Prices, Bids, Values: Everything, Everywhere, All at Once

We study the design of iterative combinatorial auctions (ICAs). The main challenge in this domain is that the bundle space grows exponentially in the number of items. To address this, several papers have recently proposed machine learning (ML)-based preference elicitation algorithms that aim to elicit only the most important information from bidders to maximize efficiency. The SOTA ML-based algorithms elicit bidders' preferences via value queries (i.e., "What is your value for the bundle $\{A,B\}$?"). However, the most popular iterative combinatorial auction in practice elicits information via more practical \emph{demand queries} (i.e., "At prices $p$, what is your most preferred bundle of items?"). In this paper, we examine the advantages of value and demand queries from both an auction design and an ML perspective. We propose a novel ML algorithm that provably integrates the full information from both query types. As suggested by our theoretical analysis, our experimental results verify that combining demand and value queries results in significantly better learning performance.

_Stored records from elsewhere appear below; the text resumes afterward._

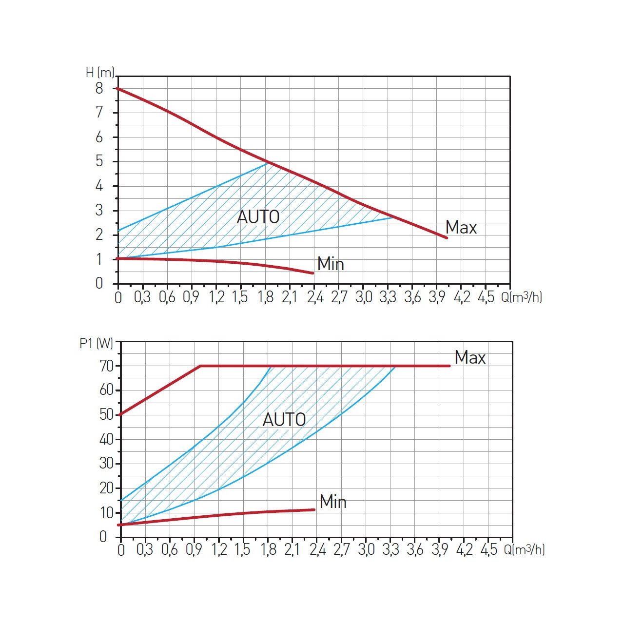 Reglajul automat pe intervalul AUTO MIN-MAX reglabil în mod fără sfârșit adaptează debitul la cerințele circuitului, optimizând consumul între 5 – 70 W. Indice de eficiență energetică ≤ 0,23 sprijină utilizarea economică în aplicații cu lichide termice pe bază de apă. Intervalul de lucru pentru fluid, +2 - +110 °C, permite operarea în instalații în care temperatura variază substanțial. Pompa funcționează la ~230 V, 50/60 Hz, cu toleranță de tensiune -6% – +10%, pentru stabilitate electrică. Înălțimea maximă de ridicare de 8 m și capacitatea de până la 4,0 m³/h acoperă necesarul de circulație în circuite de dimensiuni uzuale, cu atenție la limitele de presiune și la specificul mediului de pompare. Conectarea se face pe racord G1 1/2, iar distanța între racorduri 180 mm facilitează înlocuirea în sisteme existente cu aceeași cotație. Montajul trebuie realizat cu axul central în poziție orizontală, cu presetupa orientată în jos sau lateral, pentru ungere corectă și durabilitate. Clasa de siguranță IP 42 indică protecție adecvată pentru spații interioare, cu temperatură ambiantă 0 - +40 °C, RH <95%. Presiunea maximă de lucru de 10 bar oferă marjă pentru funcționare în instalații presurizate, menținând integritatea ansamblului în regim continuu. Clasa de izolare H contribuie la rezistența termică a înfășurărilor în condițiile de utilizare. Respectarea presiunii minime de intrare asigură alimentarea corectă a rotorului: 0,05 bar până la 85 °C, 0,28 bar până la 90 °C, respectiv 1,00 bar până la 110 °C. Toleranța la tensiune ~230 V (-6% – +10%) și compatibilitatea 50/60 Hz susțin pornirea fiabilă în rețele diferite. Presiunea maximă de lucru 10 bar și înălțimea de ridicare 8 m permit dimensionarea simplă a circuitelor pe etaje reduse. Debitul maxim de 4,0 m³/h acoperă circuite cu pierderi moderate, iar clasa A din denumire reflectă orientarea către eficiență energetică împreună cu IEE ≤0,23. Se recomandă utilizarea exclusivă cu lichide curate, corespunzătoare specificațiilor. Mediul de lucru acceptat este amestec apă cu glicol 30%, adecvat aplicațiilor ce necesită protecție la îngheț, cu temperaturi ale fluidului între +2 și +110 °C. Consum electric 5 – 70 W și curent de 0,05 – 0,52 A susțin exploatarea eficientă în regim variabil. Pachetul include ambalaj cu cod de bare pentru vânzarea cu amănuntul, facilitând identificarea rapidă la recepție. Pentru durată de viață optimă, se respectă orientarea presetupelor, condițiile de mediu și limitele de presiune. Integrarea în sisteme existente este favorizată de conexiunea G1 1/2 și cota de 180 mm, reducând necesarul de adaptări mecanice.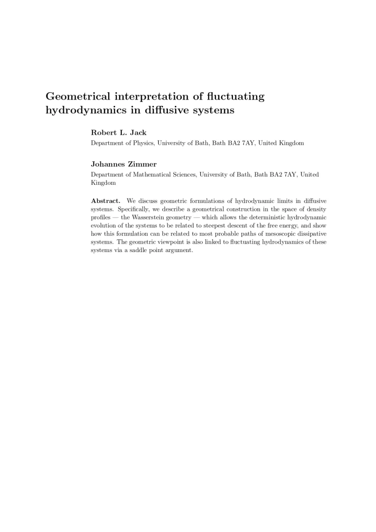 Geometrical Interpretation of Fluctuating Hydrodynamics in Diffusive Systems 40 25 View details Download
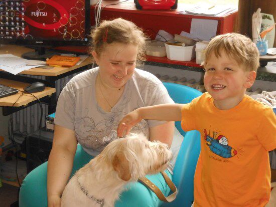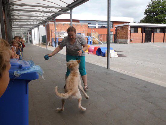 U hebt het misschien al van uw kinderen vernomen : elke dinsdag komt juf. Kiana stage doen in onze klas. Ze is slechtziend en volgt een opleiding tot hulp in de kleuterklas. Deze week bracht ze haar blinde-geleidehond 'Lady' mee. Ze leerde ons dat Lady een gewone hond is als hij een gewone leiband aanheeft. Dan mogen we hem strelen en ermee spelen. Als hij echter zijn harnas aanheeft, moet hij werken. Dan mogen wij hem niet roepen of strelen. Juf. Kiana toonde ons hoe hij haar over en rond opstakels heen helpt en hoe hij haar helpt om de straat over te steken. Het was niet alleen leuk maar ook leerrijk. Dank u wel, juf. Kiana.

Building on these insights, we present MLHCA, the most efficient ICA ever designed. MLHCA substantially outperforms the previous SOTA in realistic auction settings, delivering large efficiency gains. Compared to the previous SOTA, MLHCA reduces efficiency loss by up to a factor of 10, and in the most challenging and realistic domain, MLHCA outperforms the previous SOTA using 30% fewer queries. Thus, MLHCA achieves efficiency improvements that translate to welfare gains of hundreds of millions of USD, while also reducing the cognitive load on the bidders, establishing a new benchmark both for practicability and for economic impact.